◆ **REQUIREMENT**
The lines below, from the one containing "The song by" through the one containing "黄金のチヂミは、たっぷりのカラスミがかかっています!", should be set down exactly, with no pictures and nothing else.

◆ **DATA FOR REVIEW**
[Start of section]
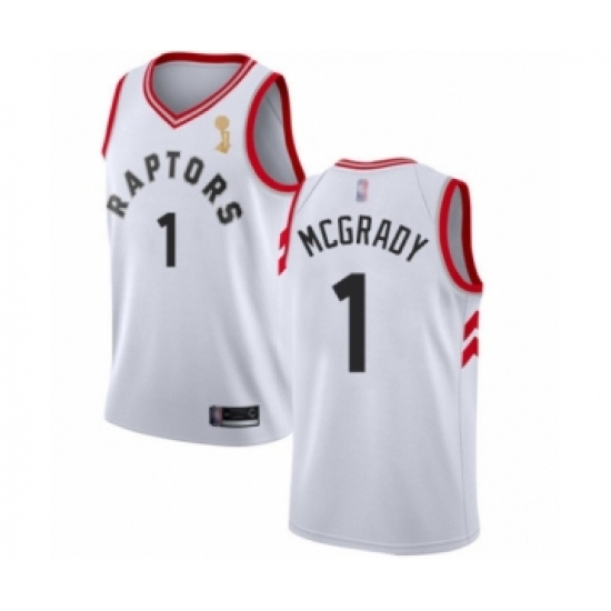 Youth Toronto Raptors #1 Tracy Mcgrady Swingman White 2019 Basketball Finals Champions Jersey - Association Edition
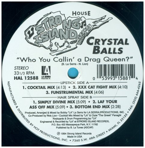 The song by Tinez Benez was from 1994, as was "Who You Calling a Drag Queen?" by Crystal Balls, and from the next year, from France, was Sister Queen, who gave us "Let Me Be Your Drag Queen."
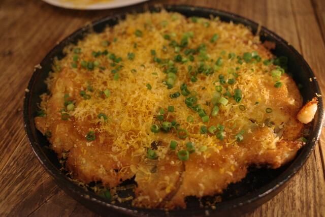 黄金のチヂミは、たっぷりのカラスミがかかっています!
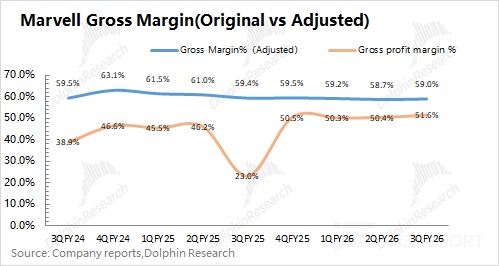 由于公司毛利率受收购资产摊销等方面的影响,因而财报中的毛利率并不能直接体现出经营情况。在剔除该影响后,海豚君参考调整后的毛利率,公司本季度调整后的毛利率为 59%。本季度毛利率环比略有回升,主要是由于毛利率较低的定制 ASIC 业务环比下滑,对整体毛利率产生结构性影响。
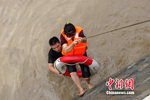 消防官兵搜尋到中攤堡大道,聽到中普建設(shè)楓香樹村安置房與中攤堡安置房交界處傳來求救聲音,利用強(qiáng)光手電筒發(fā)現(xiàn):洪水已將4名來不及疏散的施工人員團(tuán)團(tuán)包圍,工人在樓頂揮手、呼喊求救。“不要著急,我們馬上想辦法過來救你們”。由于水流很急且到處都是施工隊(duì)挖的暗溝,時(shí)間緊迫,消防站余柯政站長來不及多考慮,立即下令,將保險(xiǎn)繩拴在消防車上,余站長和劉飛穿上救生衣,綁好安全繩后,帶著救生圈慢慢的游到被困群眾位置,將救生衣為民工穿好后,一邊由消防官兵護(hù)送一邊由在消防車一邊的其余消防官兵牽引安全繩接應(yīng),緊急轉(zhuǎn)移被困群眾。一趟、兩趟、三趟……經(jīng)過近半小時(shí)的奮戰(zhàn),成功救出被困工人。
[End of section]
◆ **EXPECTED ANSWER**
 The song by Tinez Benez was from 1994, as was "Who You Calling a Drag Queen?" by Crystal Balls, and from the next year, from France, was Sister Queen, who gave us "Let Me Be Your Drag Queen."
 黄金のチヂミは、たっぷりのカラスミがかかっています!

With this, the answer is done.